-- COLLECTED DATA follows --
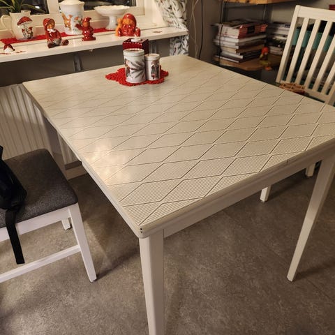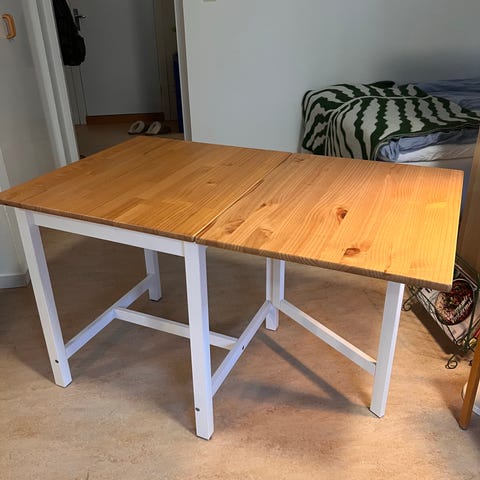 Fint litet matbord som passar perfekt i den lilla lägenheten eller studentrummet. Tidigare slagbord men har tagit bort uppfällningsskivorna. Låda undertill med plats för förvaring. Är nött och skulle behöva lite kärlek i form av slipning och målning, men är stabilt och i bra skick i övrigt.
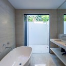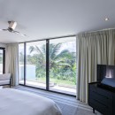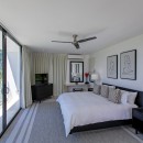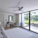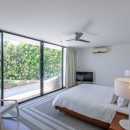 There are four bedrooms in the Villa Atelier, and ample room for up to eight guests. The main bedroom is on the second floor and features a private balcony with en suite bath and an outdoor shower. There are three further bedrooms on the main level. One has an en suite bath and another outdoor shower, while the two remaining bedrooms share one large and luxurious bath.
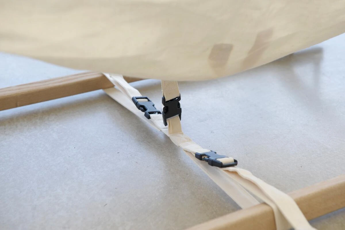 Vor dem Herausfallen schützt ein eingenähtes Sicherheitshöschen mit integrierten Haltegurten. Die Koala ist TÜV-zertifiziert nach der EU Norm EN 1130-1. Diese beinhaltet Tests zur Sicherheit des Produktes, die Einfachheit der Handhabung und die Prüfung auf Schadstoffe. An den Fußstreben, direkt unter der Hängematte, ist ein Schaukelbegrenzer angebracht. Die Hängematte wird dort mit einem Klickverschluss fixiert, damit sie beispielsweise von älteren Geschwisterchen nicht zu stark geschaukelt werden kann. Die Babyhängematte ist kaum grösser als ein zusammengeklappter Sonnenschirm, leicht und handlich. Sie lässt sich schnell einpacken und überall mit hinnehmen.
-- COLLECTED DATA concluded --
_WHAT TO PRODUCE_: Repeat the data exactly, dropping every picture it holds.

_TASK ANSWER_:
 Fint litet matbord som passar perfekt i den lilla lägenheten eller studentrummet. Tidigare slagbord men har tagit bort uppfällningsskivorna. Låda undertill med plats för förvaring. Är nött och skulle behöva lite kärlek i form av slipning och målning, men är stabilt och i bra skick i övrigt.
 There are four bedrooms in the Villa Atelier, and ample room for up to eight guests. The main bedroom is on the second floor and features a private balcony with en suite bath and an outdoor shower. There are three further bedrooms on the main level. One has an en suite bath and another outdoor shower, while the two remaining bedrooms share one large and luxurious bath.
 Vor dem Herausfallen schützt ein eingenähtes Sicherheitshöschen mit integrierten Haltegurten. Die Koala ist TÜV-zertifiziert nach der EU Norm EN 1130-1. Diese beinhaltet Tests zur Sicherheit des Produktes, die Einfachheit der Handhabung und die Prüfung auf Schadstoffe. An den Fußstreben, direkt unter der Hängematte, ist ein Schaukelbegrenzer angebracht. Die Hängematte wird dort mit einem Klickverschluss fixiert, damit sie beispielsweise von älteren Geschwisterchen nicht zu stark geschaukelt werden kann. Die Babyhängematte ist kaum grösser als ein zusammengeklappter Sonnenschirm, leicht und handlich. Sie lässt sich schnell einpacken und überall mit hinnehmen.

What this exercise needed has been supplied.